Instructions to follow
Go through the entries, filter for the word "gray", and copy every line that has it.

Extracted records
__________

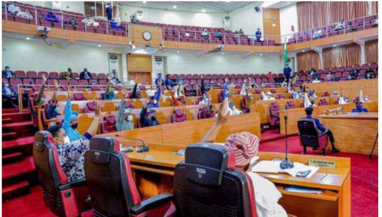
Lagos House of Assembly
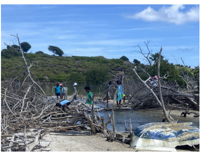
Above: (Left) Youth volunteer planting on JVD and (Right): An adult volunteer from JVD with her young son.
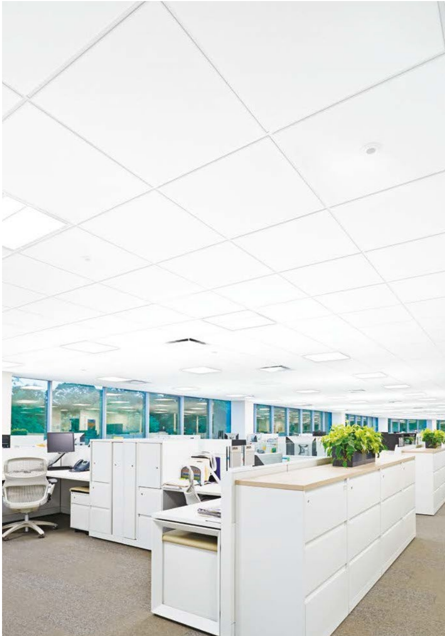
Calla® Ceiling Panels with Suprafine® XL® Suspension System
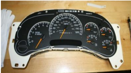
5. Twist each needle down past the low mark.
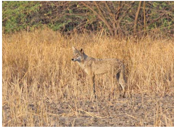
Indian Grey Wolf

Our afternoon drive started at 1600, with the elderly guide. The obvious highlights were mammalian, with six Wolves (two loping across the plain and then a female with three large cubs) and a Striped Hyena . The only new bird of note was a male Painted Francolin .
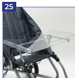
28 Therapy tray, transparent
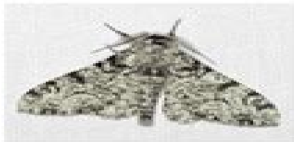
1. Light gray peppered moth

Before the year 1845, in the city of Manchester, England a population of light gray colored moths known as Peppered moths lived in the surrounding forests. They would cling to the trunks of trees that were covered with a light gray colored bark, like them.
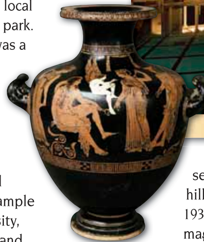
Greek hydria, 5th century B.C.

The Mediterranean Revival-style home houses a collection of art from all over the world. In addition to his fine arts collection, William Randolph Hearst established landscaped gardens and a private zoo on the property. Descendants of some of the zoo animals, including zebras, can sometimes be

__________

Answer to the exercise
1. Light gray peppered moth
Before the year 1845, in the city of Manchester, England a population of light gray colored moths known as Peppered moths lived in the surrounding forests. They would cling to the trunks of trees that were covered with a light gray colored bark, like them.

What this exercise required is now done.